Every geoengine run is saved locally by default, with metadata and compressed streamed logs under ~/.geoengine/runs/<worker_id>/<job_id>/. Use the job_id from the JSON result to inspect the run later:
geoengine worker runs show <job-id> --json
geoengine worker runs logs <job-id> --stream stderr --tail 100
Use geoengine run --no-history for sensitive or ephemeral runs that should not be written to local history.

Debug Worker Tests

If geoengine test fails, rerun the failing case with logs and keep the output folder:
geoengine test --case <case-name> --verbose --keep-workdir
Inspect .geoengine-test/<case-name>/ to confirm what the worker actually wrote. If the output is correct but the comparison failed, update the expected file, tolerance, or ignored JSON paths in tests/geoengine.test.yaml.

Force a Clean Rebuild

If your Docker image is stale or a dependency change isn’t being picked up, force a full rebuild with --no-cache:
geoengine apply --no-cache
This bypasses Docker’s layer cache and rebuilds the image from scratch. Use it when:
  • You’ve updated a package version in pixi.toml but the old version is still being used
  • The image is in an inconsistent state after a failed build
  • You want to confirm the image builds cleanly from the current config

Repair GeoEngine Artifacts

geoengine patch performs a maintenance sweep and repairs any broken state across all GeoEngine-managed artifacts:
geoengine patch
Run this after upgrading GeoEngine, or whenever workers, plugins, or agent skills are behaving unexpectedly. It checks and repairs:
  • Global registry (~/.geoengine/settings.bin) — validates the settings file
  • Worker state files — validates state/*.json, reports orphaned records
  • Config snapshots — validates saves/<worker>/map.json, checks all referenced snapshots exist
  • GIS plugins — reinstalls stale or missing plugin files for QGIS and ArcGIS Pro
  • Agent skills — syncs skill files into each installed agent’s skills folder; files with matching SHA-256 hashes are skipped
geoengine patch exits with a non-zero status if any validation issue is found, making it safe to use in scripts.

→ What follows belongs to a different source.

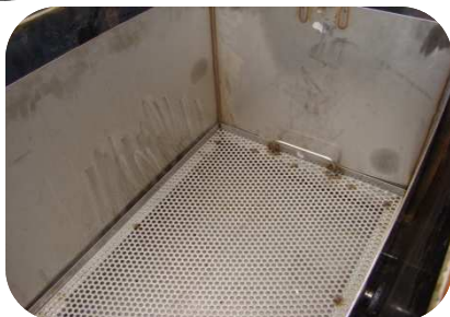
Grille de fond perforée inox amovible pour filtration
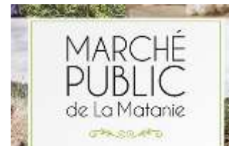
Table de concertation bioalimentaire du BSL

Filière des produits forestiers non ligneux du Bas-Saint-Laurent

Delete a Worker or Version

If a worker is in a broken state and needs to be removed:
# Delete a worker entirely by ID (shows a confirmation prompt)
geoengine delete --id <worker-id>

# Delete the worker in the current directory
geoengine delete

# Delete a specific tag only (removes image, mapping, and snapshot)
geoengine delete --tag claude-1.0.0
After deleting, re-apply the worker with geoengine apply to recreate it cleanly.

Common Issues

Build fails: command.script not found

Make sure the script path in geoengine.yaml is relative to the worker directory and the file actually exists there.

geoengine apply rejects my version number

In production mode, the version in geoengine.yaml must be a valid semantic version (MAJOR.MINOR.PATCH) and must be greater than or equal to the highest version already recorded. Use geoengine apply --dev to skip this check during development.

Worker appears in geoengine workers but not in QGIS/ArcGIS

Run geoengine patch to reinstall any stale plugin files, then close and reopen the GIS Processing Toolbox to refresh the worker list.

Dependency changes not reflected after apply

Run geoengine apply --no-cache to force a full Docker rebuild. Docker may be using a cached layer that predates your pixi.toml changes.